Elizabeth D. Leonard; University of North Carolina Press

Kentuckian Joseph Holt did not immediately support the war for the Union and the struggle for freedom, but once he did, Elizabeth Leonard contends, he fully embraced those causes. Appointed secretary of war in December 1860, he traveled widely after Abraham Lincoln’s inauguration, denouncing secession. Holt was named judge advocate general of the Army in 1862, and in 1864 oversaw legal proceedings against soldiers, including the court-martial of Maj. Gen. Fitz-John Porter, and the work of military tribunals in the occupied South. Holt’s role in the trial of Northern and border state civilians suspected of disloyal activities was controversial since, as with the administrations of our two most recent presidents, he let military commissions try citizens who were not in uniform and not subject to court-martial rather than allowing the proceedings in civil courts. Holt permitted former Congressman Clement Vallandigham, a “Copperhead,” to be tried by military court, arguing such courts were not subject to judicial review. The Supreme Court initially supported this position but reversed itself two years later in ex parte Milligan and took jurisdiction, indicating the military had no right to try civilians where civil courts were still operating. Leonard’s view of how military trials were used in Holt’s day seems especially relevant today.
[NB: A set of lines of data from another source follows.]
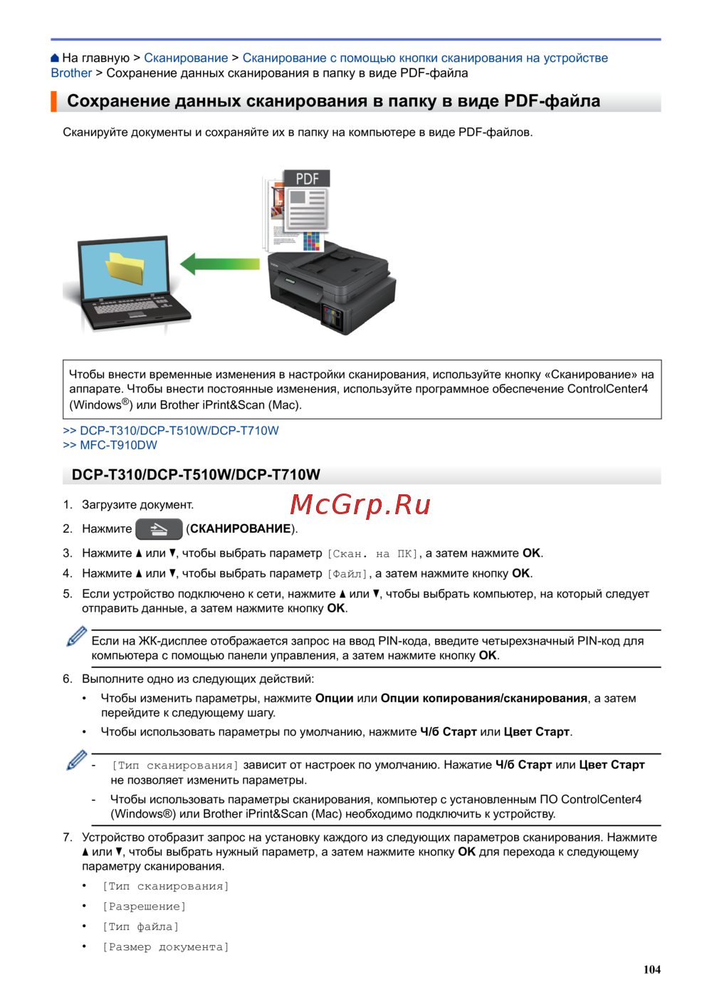 Brother DCP-T510W InkBenefit Plus — сканирование документов и сохранение в PDF на компьютере [110/562]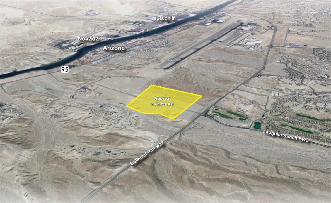 • Location: Bullhead City, Mohave County, Arizona • Total Site Area: +/- 72.59 Acres • APN: 213-14-055 • Zoning: Light Industrial • General Plan: Laughlin Ranch GP • Utilities: 12” Water Line and 8” Sewer Line along Laughlin Ranch Blvd • Purchase Price: $3,000,000 • Price/Acre: $41,000 The property being offered consists of approximately 72.59 acres of undeveloped land located along the north and south sides of Laughlin Ranch Blvd where it has 2,000 feet of frontage on each side. Laughlin Ranch Blvd is a newly constructed thoroughfare that runs east to west from Bullhead Parkway to Highway 95, which provides access into Las Vegas and California via its intersection with the I-40. The property is just to the south of the Laughlin/Bullhead International Airport and about 1.5 miles from the Arizona/Nevada border along the Colorado River. Nearby the property is the Laughlin Ranch golf club and community, as well as Laughlin, NV which is a resort and gaming industry town. In terms of the property specifics, the land has a desert terrain and is generally flat throughout. Bullhead City is less than 100 miles from Las Vegas and 300 miles from Long Beach and Los Angeles.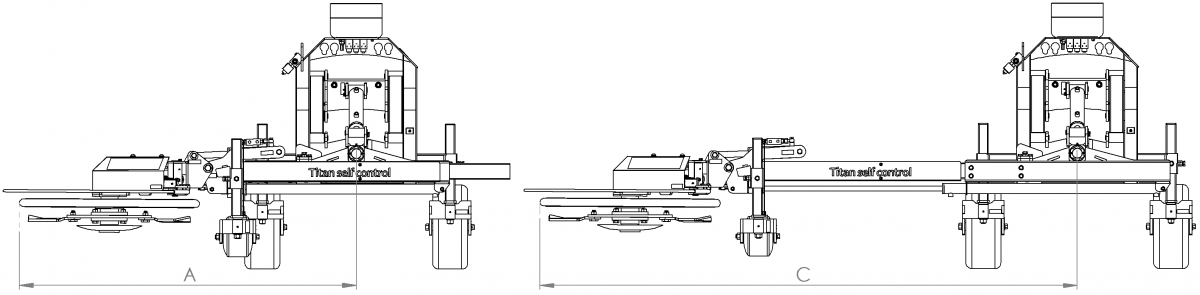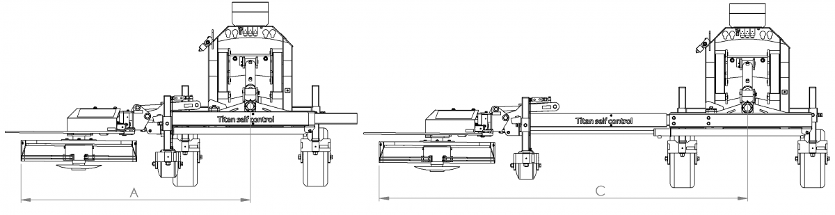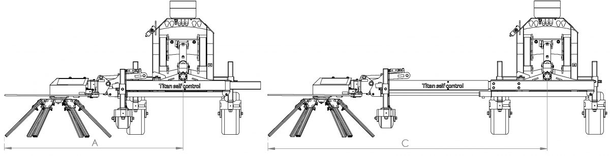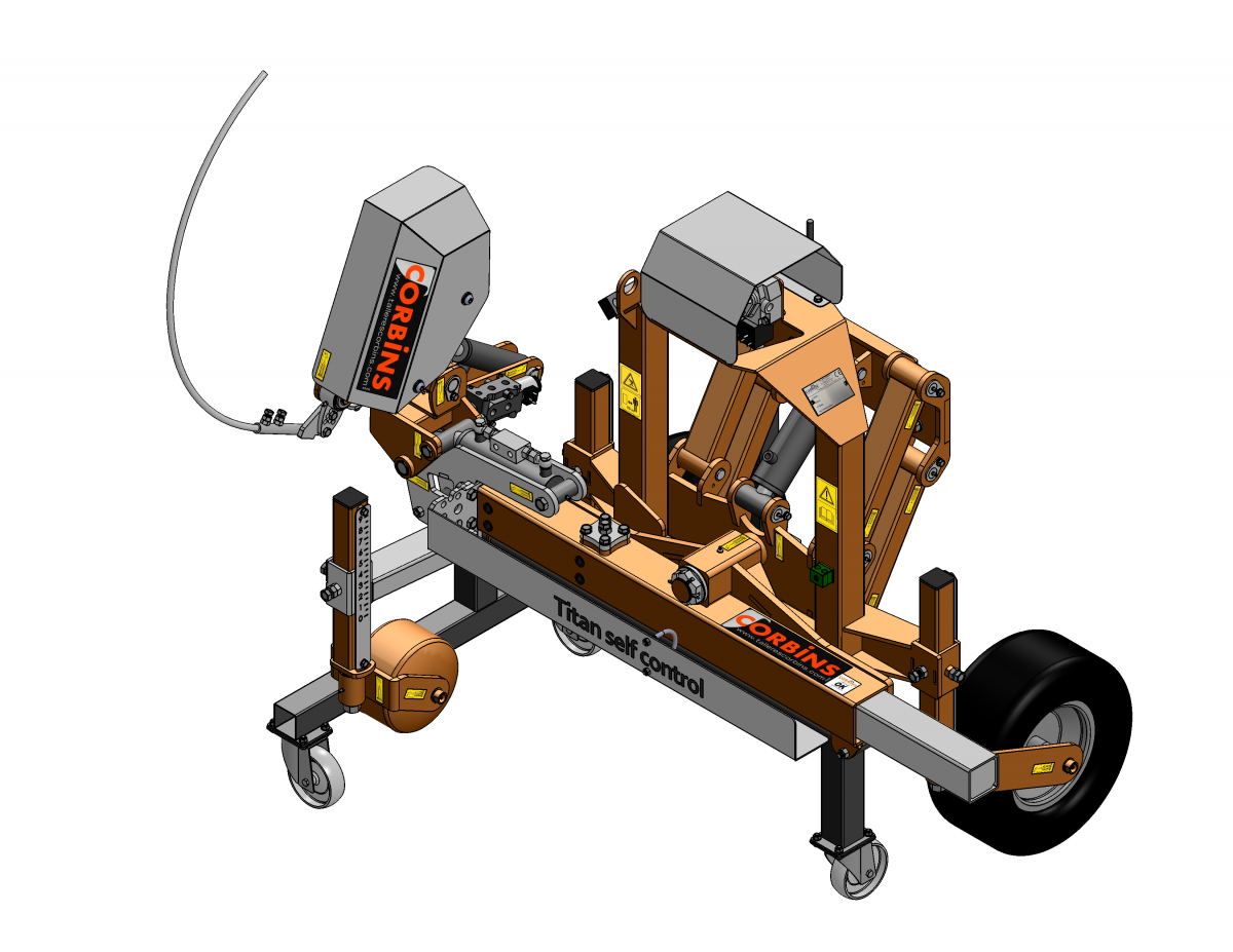 Porta útiles para adaptar a la parte frontal del tractor. Chasis pivotante al terreno, sistema flotante. Cilindros de elevación, extensión e inclinación hidráulicos. Mando eléctrico ERGO para las funciones hidráulicas + arranque/paro del motor, accionamiento eléctrico plegado de emergencia del palpador. Ruedas de control neumáticas en la parte central del chasis y una rueda metálica en el extremo del brazo. Sistema integrado de palpador hidráulico. Carro de apoyo con ruedas para enganche/desenganche y almacenaje.

Many have criticized Holt’s 1864 report on the dangers of secret societies in the North and in border states, in part because he implicated prominent Northern Democrats. He courted more controversy following the war, overseeing the trial of Henry Wirz, Andersonville’s commander, and leading the investigation into Lincoln’s assassination. Convinced Jefferson Davis was responsible, Holt went to great lengths to try to prove it. While he failed in that effort, he secured the conviction of several who had been clearly implicated in John Wilkes Booth’s regicide, including Mary Surratt. Holt claimed that President Andrew Johnson disregarded a petition from members of the military commission seeking clemency for Surratt, but Johnson denied this. Some said that Holt actually withheld the petition from the president. Whatever the case, Lincoln’s Forgotten Ally shows Holt could never put the war behind him.